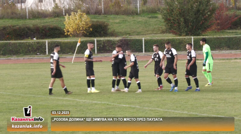 ФК „Розова долина“ приключва полусезона със 7 победи, 4 равенства и 7 загуби. С 25 точки „Розова долина“ се позиционира на 11-то място в подреждането след 19-ия кръг, в който обаче футболистите от града на розите почиват. Във временното класиране със същият актив точки са и футболистите на „Спартак“ от Пловдив, които изпреварват розите с два гола повече вкарани във вратите на съперниците. Стартът на зимната подготовка за състава е на 7 януари, съобщи старши треньора Атанас Апостолов.
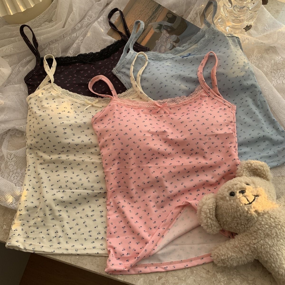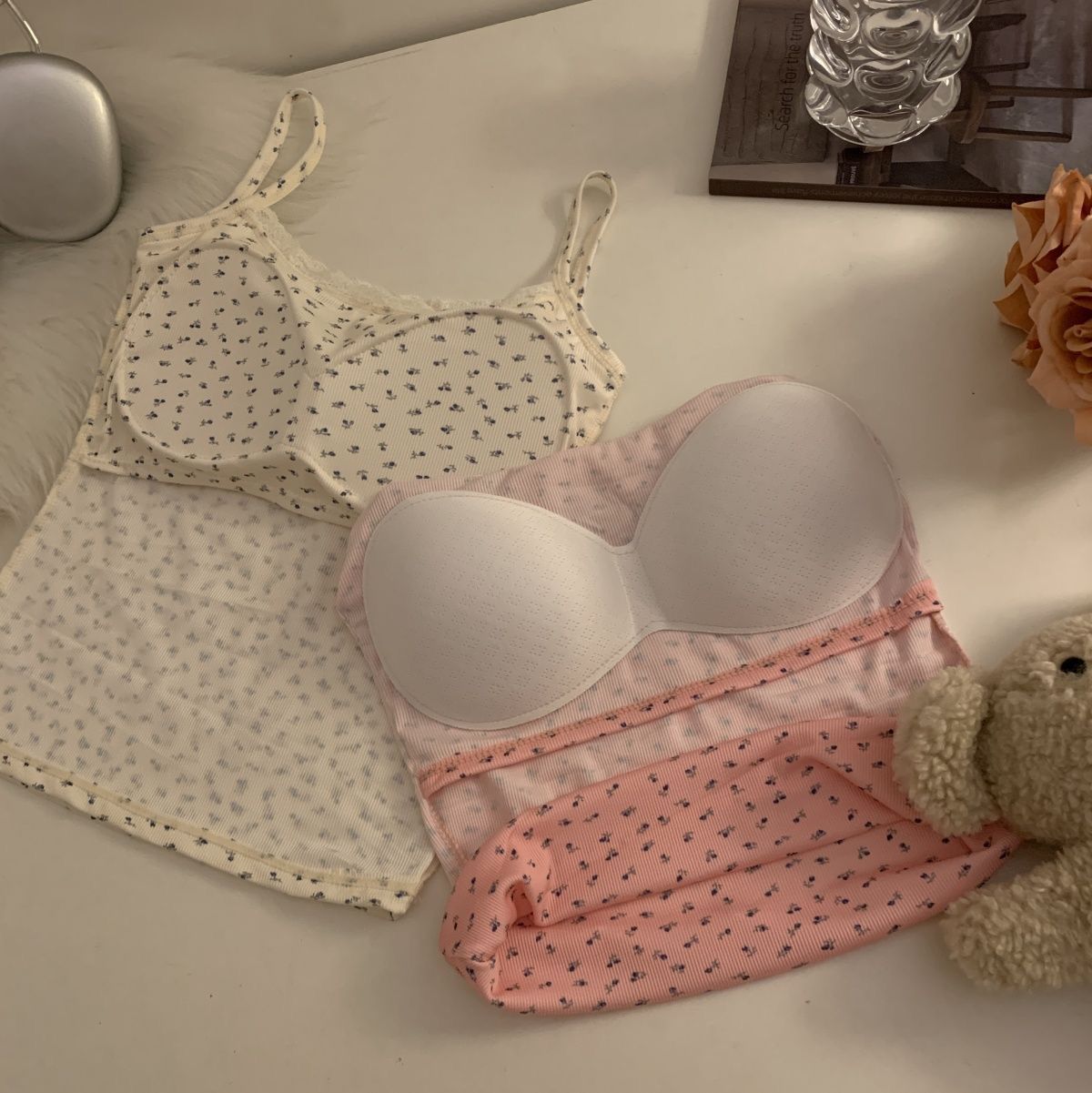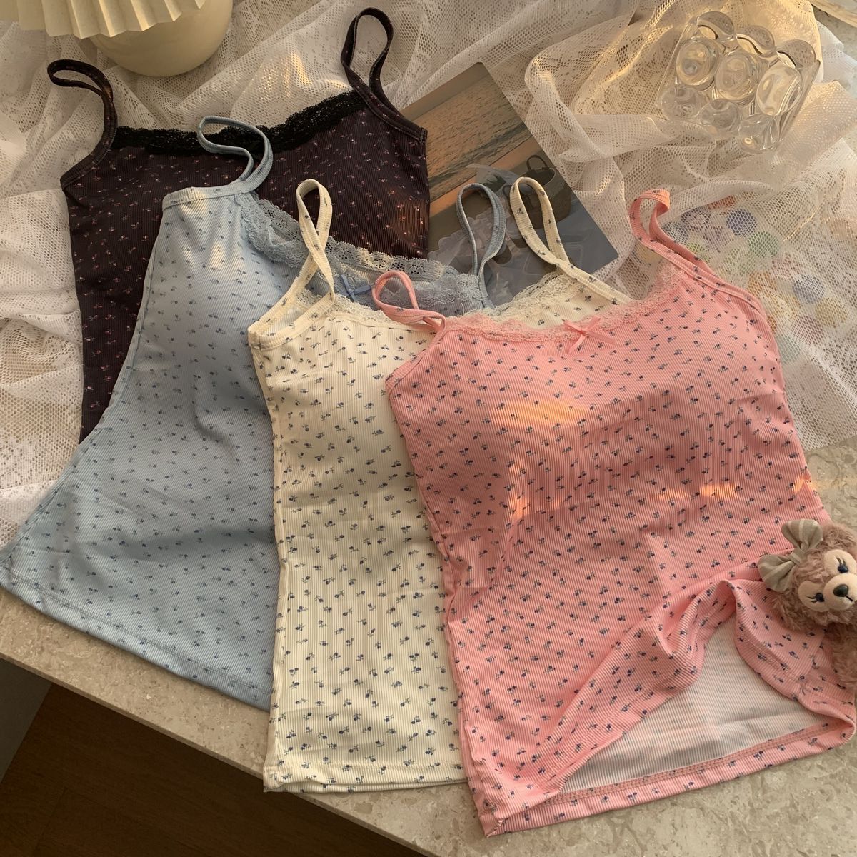 가슴 패드가있는 여성용 한국식 꽃 달콤한 캐미솔 순수한 섹시한 슬림 스티칭 슬리밍 바닥 탑
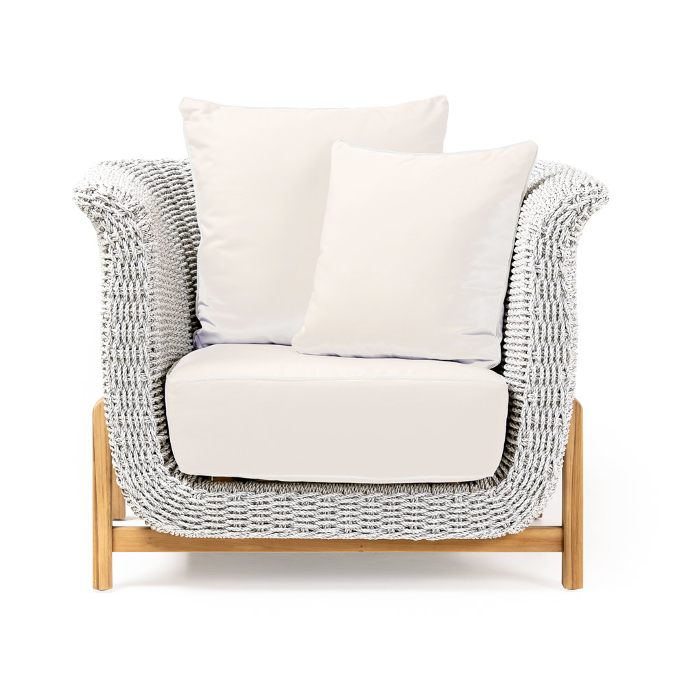 This outdoor armchair is made with an internal structure in epoxy powder coated aluminum frame , teak base and hand-woven VRO rope insert. It is complete with seat and back cushions in water-repellent fabric in Havana grey .
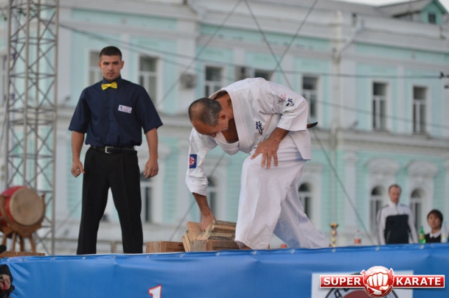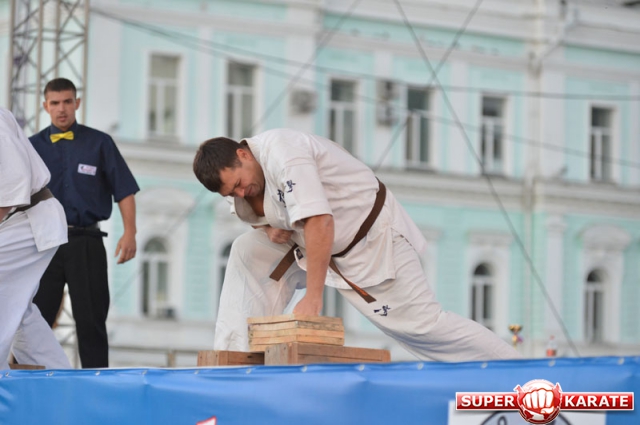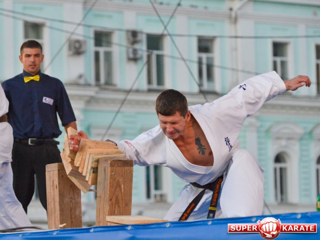 У каждого претендента на титул сильнейшего было три подхода и одинаковые шансы. Однако как оказалось, промахнуться и не разнести в щепки стопку деревянных досок, может даже мастер Киокушинкай карате. В итоге лучшие результаты показал обладатель черного пояса 2 Дана Константин Хахулин, расколов рукой, локтем и ногой 15 досок.
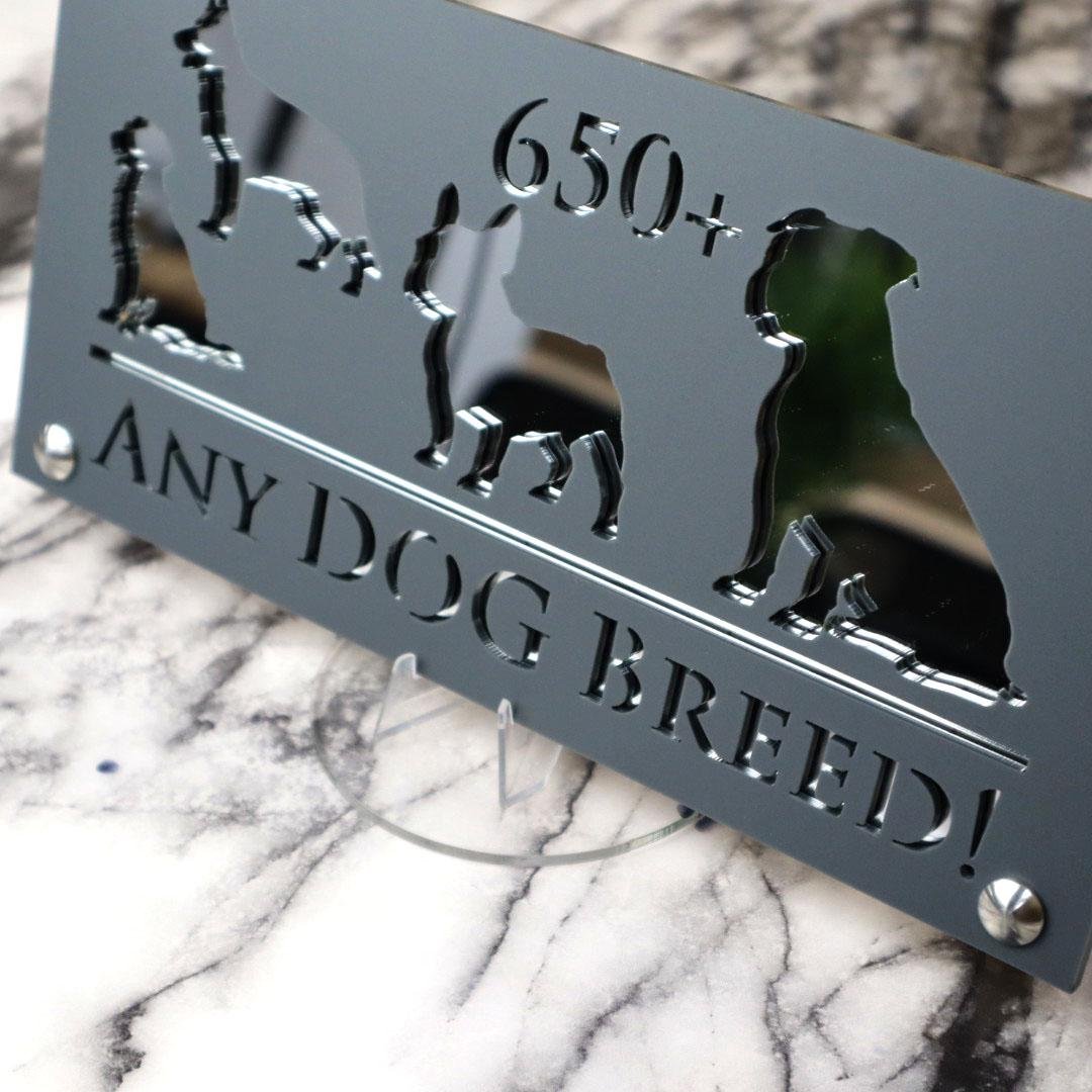 Introducing Dog Luxe A4: Elevate Your Home with Elegance YOU CAN HAVE ANY DOG BREED YOU WANT ON THIS SIGN – We have an extensive database with over 650 dog breeds. Just let us know your preferred breed, your house number, and your street name.

### Task prompt
The records above must be echoed exactly, minus their pictures.

### Answer to this problem
 ФК „Розова долина“ приключва полусезона със 7 победи, 4 равенства и 7 загуби. С 25 точки „Розова долина“ се позиционира на 11-то място в подреждането след 19-ия кръг, в който обаче футболистите от града на розите почиват. Във временното класиране със същият актив точки са и футболистите на „Спартак“ от Пловдив, които изпреварват розите с два гола повече вкарани във вратите на съперниците. Стартът на зимната подготовка за състава е на 7 януари, съобщи старши треньора Атанас Апостолов.
 가슴 패드가있는 여성용 한국식 꽃 달콤한 캐미솔 순수한 섹시한 슬림 스티칭 슬리밍 바닥 탑
 This outdoor armchair is made with an internal structure in epoxy powder coated aluminum frame , teak base and hand-woven VRO rope insert. It is complete with seat and back cushions in water-repellent fabric in Havana grey .
 У каждого претендента на титул сильнейшего было три подхода и одинаковые шансы. Однако как оказалось, промахнуться и не разнести в щепки стопку деревянных досок, может даже мастер Киокушинкай карате. В итоге лучшие результаты показал обладатель черного пояса 2 Дана Константин Хахулин, расколов рукой, локтем и ногой 15 досок.
 Introducing Dog Luxe A4: Elevate Your Home with Elegance YOU CAN HAVE ANY DOG BREED YOU WANT ON THIS SIGN – We have an extensive database with over 650 dog breeds. Just let us know your preferred breed, your house number, and your street name.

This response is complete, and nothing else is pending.